But the convention’s most memorable moment was pure Texan: U.S. Sen. Ted Cruz, R-Texas, pointedly declined to endorse Donald Trump, the party’s nominee. The next day, Cruz made it clear that he was still angry at the way Trump insulted his wife and father during the presidential campaign.

In the old days, a Texan whose family was picked on would not have debated whether to endorse the man who did the insulting. He would have debated whether to challenge the man to a duel or just punch him in the nose.

But Texas is a rapidly changing state these days. For decades it has been a conservative’s dream: low taxes, weak regulations and traditional values, accompanied by rapid job growth, rich natural resources and a booming population.

The year I was born in Texas, in 1950, the state had fewer than 8 million people. Now its population is estimated at 27 million. While Texas likes to envision itself as a land of cowboys and wildcatters, it has become a big urban state.

With all of that growth, Texas faces a growing array of challenges. Let’s start with the issue that concerns Trump the most: illegal immigration. About two-thirds of Texas’ population growth since 2000 has been Hispanic, and an estimated 1.8 million illegal immigrants live there.

With a population that Is now 38 percent Hispanic and 12 percent black, the day when minorities become the majority is at hand. For some Texans still proud of the Confederacy, that’s a hard pill to swallow.

If Trump walls off Mexico, the implications for Texas are enormous. Consider just one: Mexico has provided a cheap source of labor, legal and otherwise, for generations.
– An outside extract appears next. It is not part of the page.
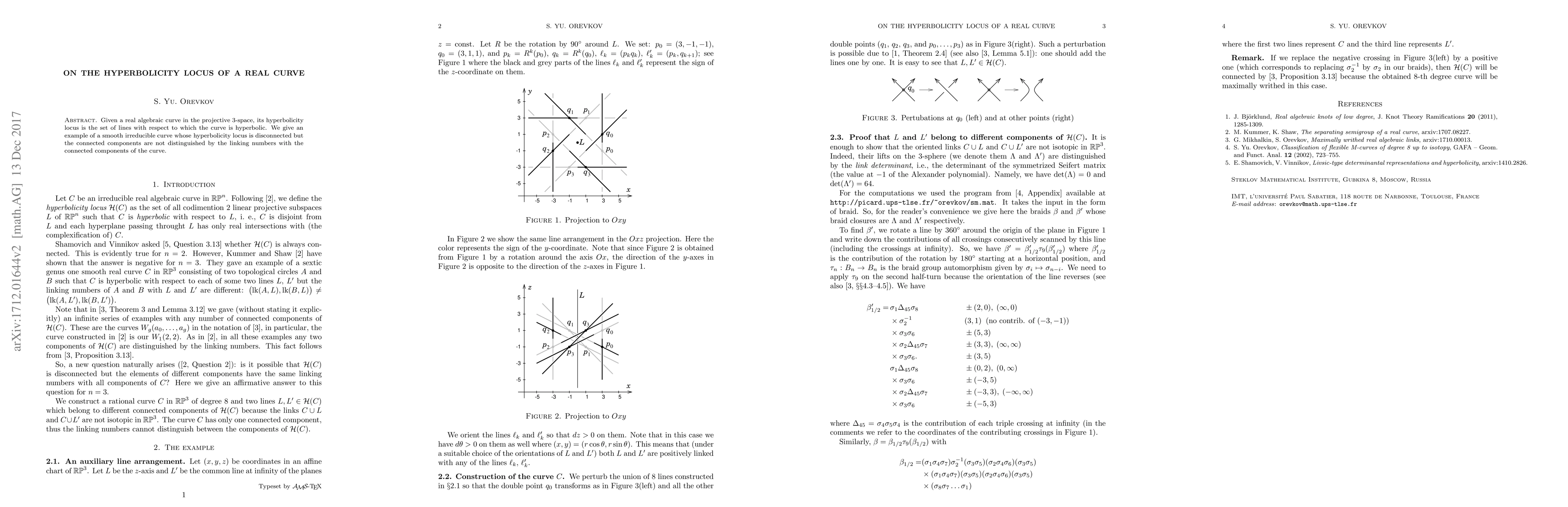 Summary: This paper examines the hyperbolicity locus of a smooth irreducible real algebraic curve in projective 3-space, illustrating a case where the locus is disconnected, yet its components cannot be differentiated by linking numbers with the curve's connected components.
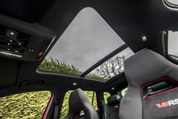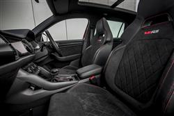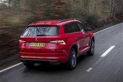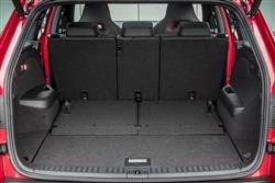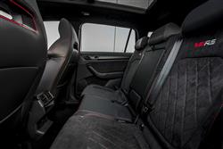 Skoda dressed the Kodiaq vRS carefully to match its premium performance station in life. So there are eye-catching 20-inch 'Extreme' alloy wheels, along with red 'vRS' badges on the nose and tail. Plus sleeker bumpers, big bore dual exhaust tips and gloss back finishing for the roof rails, wing mirrors, window frames and front grille. None of this does anything to disguise this SUV's quite prodigious size; at around 4.7-metres in length, it's one of the biggest VW Group models to be spun off the conglomerate's MQB platform. Inside up front, you get carbonfibre trim and the obligatory sports steering wheel which, like the gearshift gaitor, features red stitching. Plus aluminium pedals and sports seats upholstered in the same classy quilted microsuede fabric that also features on the door cards. There's a 9.2-inch centre-dash infotainment touchscreen. And Skoda included its 'Virtual Cockpit' digital instrument binnacle display, which can be customised based on the kind of information you want to view. This second row bench features all the versatility you'd want from this kind of seven-seat SUV, so the backrest reclines for greater comfort on long journeys and the base slides back and forth by up to 180mm. This vRS variant retains a third seating row - the kind of thing some performance SUVs dispense with. In the very back, you're quickly reminded that this is an SUV, not an MPV. Overall though, the third row space here isn't really any more restricted than it would be in any other mid-sized SUV of this kind. Out back with the powered tailgate raised, there's 270-litres of luggage room with all three rows in place. Most of the time though, Kodiaq vRS owners are probably going to be using their cars with the rearmost seats folded into the floor, an action easy and simple to complete. In which case there's 630-litres of space on offer with the middle row sensibly positioned. With all the seats flat, a class leadingly-large 2,005-litre space is revealed. So yes, this is about as practical as performance cars tend to get.

The debate over what would happen if that supply were cut off is vigorous; you can find a study to reinforce whatever position you care to take.

A study this year by the Texas Public Policy Foundation was inconclusive, but it did find that the major cost associated with illegal immigrants was the cost of enforcing immigration laws. Trump would multiply that cost many times.

Texas’ tight-fisted fiscal policy also has had consequences.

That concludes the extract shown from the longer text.